Abdel-Fattah a de nouveau été arrêté en novembre 2013 avec d’autres lorsqu’il a participé à une manifestation devant le Parlement contre la loi sur la démonstration et le projet de constitution qui a été repris au début de 2014. Alaa a été accusé de “démonstration sans autorisation” des autorités de sécurité.

Alaa Abdel-Fattah a été condamné à cinq ans de prison par le tribunal pénal dans cette affaire, qui a ensuite été connue sous le nom de “les événements du Conseil de Shura”, et la Cour de cassation égyptienne a confirmé la décision en 2017.

Cette période de prison est la plus longue de son histoire, au cours de laquelle son père est décédé et les autorités lui ont permis de sortir exceptionnellement pour ses funérailles.

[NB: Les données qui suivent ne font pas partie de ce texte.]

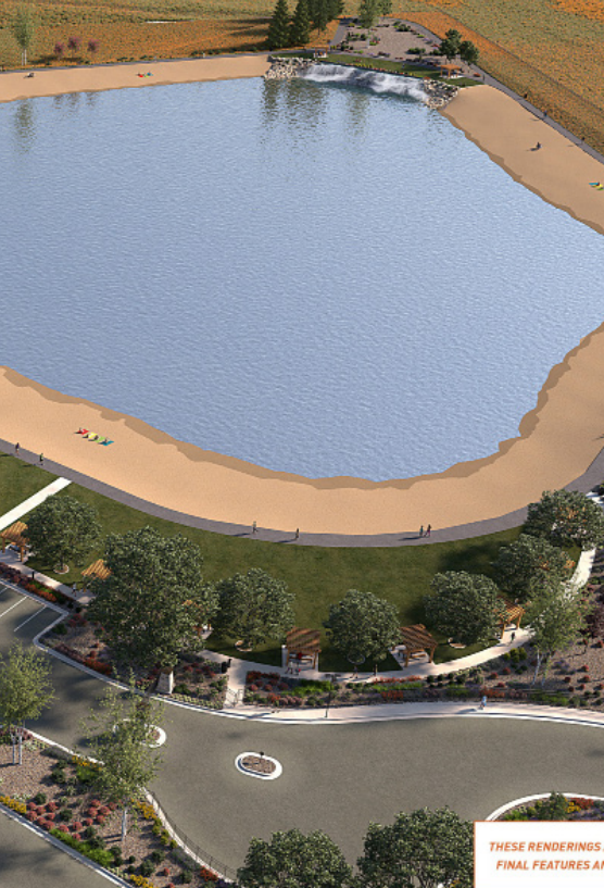
THESE RENDERINGS / FINAL FEATURES AN

Il a été libéré en mars 2019 après la fin de sa peine, mais a de nouveau été arrêté en septembre de la même année, et il est resté en prison jusqu’à ce qu’il dépasse la limite légale maximale pour la détention préalable, puis un tribunal égyptien a délivré en décembre 2021 une peine de cinq ans après avoir été condamné pour “diffusion de fausses nouvelles”.

Le militant égyptien a commencé une grève de la faim en avril 2022 pour protester contre le refus des autorités égyptiennes de permettre au consulat britannique de lui rendre visite, puis a partiellement frappé de la nourriture depuis mars 2025 en solidarité avec sa mère.

En 2022, un fonctionnaire américain élevé a exprimé la préoccupation de la Maison Blanche concernant “les rapports reçus concernant la santé d’Alaa Abdel-Fattah”, ajoutant que l’administration du président Joe Biden, a déclenché “les craintes à plusieurs reprises avec le gouvernement égyptien sur son cas et ses circonstances en prison”.